You can use the tape too on the outside. It works I work in research and used it many times to pass current. Same as copper but more resistant.


----------



## Pop (Aug 6, 2007)

Heck Resurrected, I've been complaining for 70 years. It's one of my jobs.

Who said I didn't like you? You're OK. I just get grumpy when folks stop talking about the thread and start fussing with each other. I like everybody. I just noticed I'm doing the same thing here and now. SORRY FOLKS.

Pop


----------



## NBeener (Sep 16, 2009)

*Pop*:

Two number sixes ? I'm easily confused ;-)

You wrote ….

"6. I consider the floor dust sweep intake to the dust system the most dangerous thing you can put in a DC system. Think of all the little brads, screws etc. you drop. Then you're going to sweep that stuff into the DC.
It's a fire coming at you."

GREAT point.

I bet … if you felt the need … you could hang a Harbor Freight 150-pound pull magnet at the "door" to your sweep, and you'd get MOST of the ferrous stuff that was going to play DC bullet.


----------



## Pop (Aug 6, 2007)

NBeener, pickey, pickey, pickey. Guy, I stay confused. That's why there's two sixes.

Thanks for pointing it out. At midnight I'm not hitting on all cylinders.

Pop


----------



## HorizontalMike (Jun 3, 2010)

Hey Beener! Knock it off on Pop, ok? I kinda think he is "sixy" LOL!


----------



## NBeener (Sep 16, 2009)

It took me all morning to figure out if the counting thing was right.

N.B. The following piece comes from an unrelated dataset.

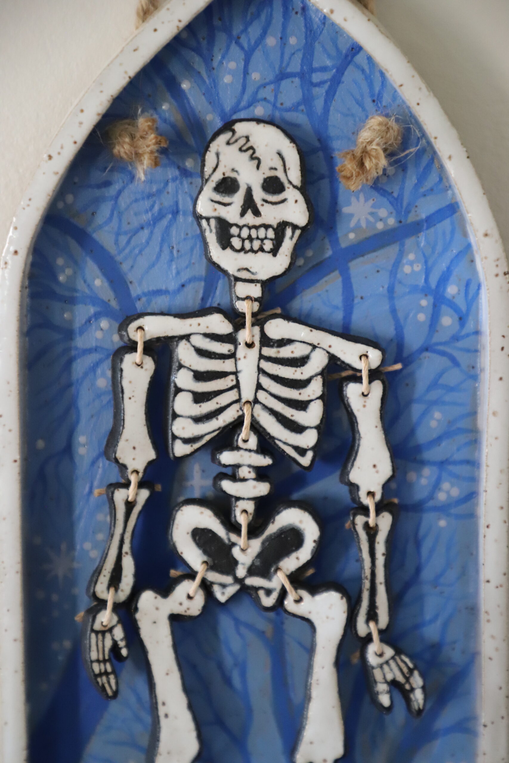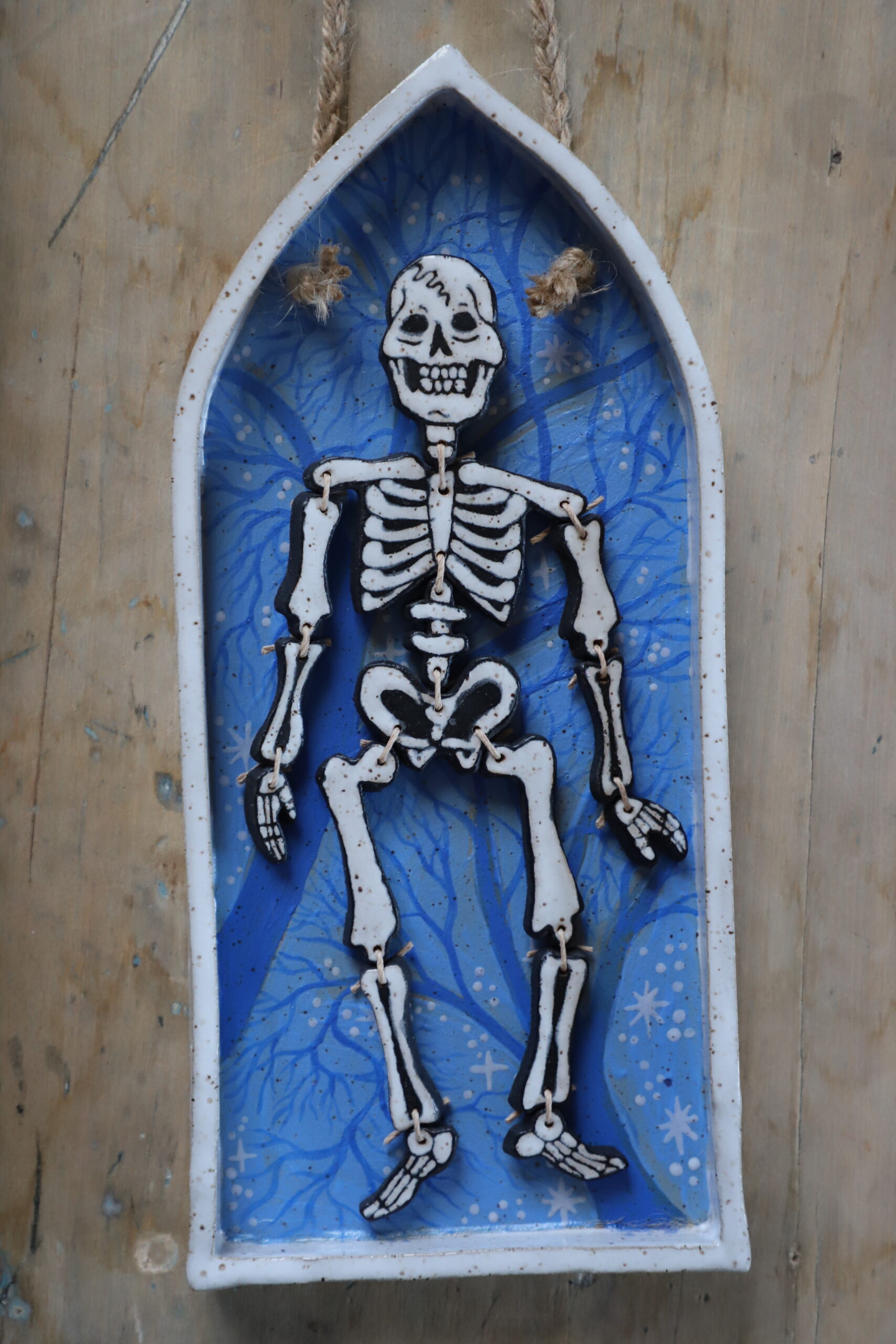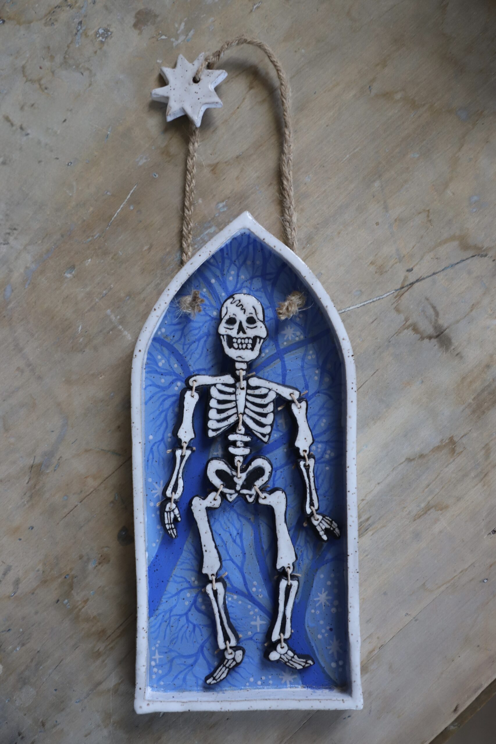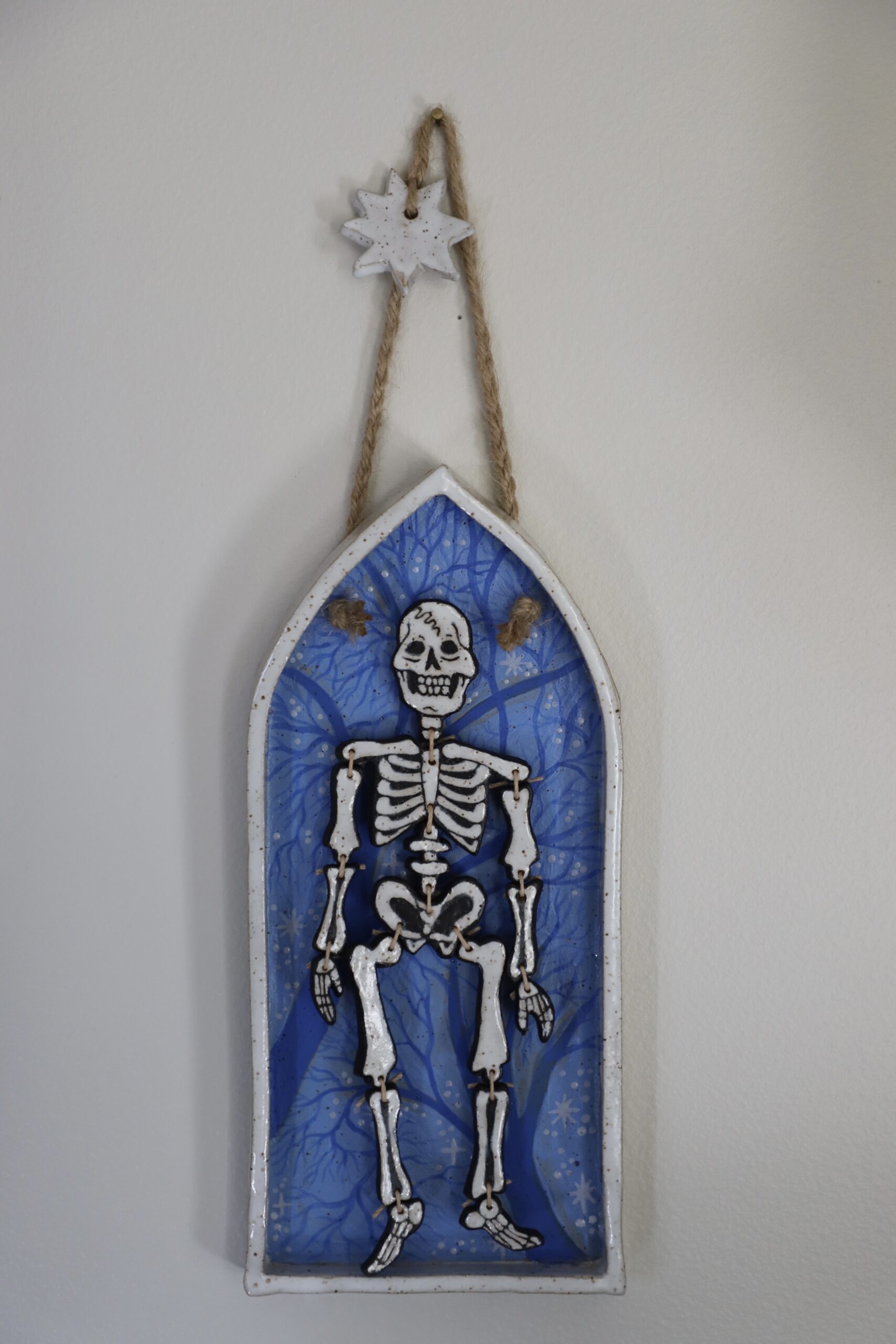 Dancing skeleton measures 11″x5″ 1″ deep. Hangs from braided cord with star detail. Made by joyful hands.

Don't I get a little credit for that ?

If it had been two number elevens, I'd have had to take off my socks to count


----------



## HorizontalMike (Jun 3, 2010)

Geez! It could of been 666!

Where'd I put that pitchfork?...


----------



## BillWhite (Jul 23, 2007)

I'm worn out from this exercize. Plug in the darned thing and go to work.
Now I feel better.
Bill


----------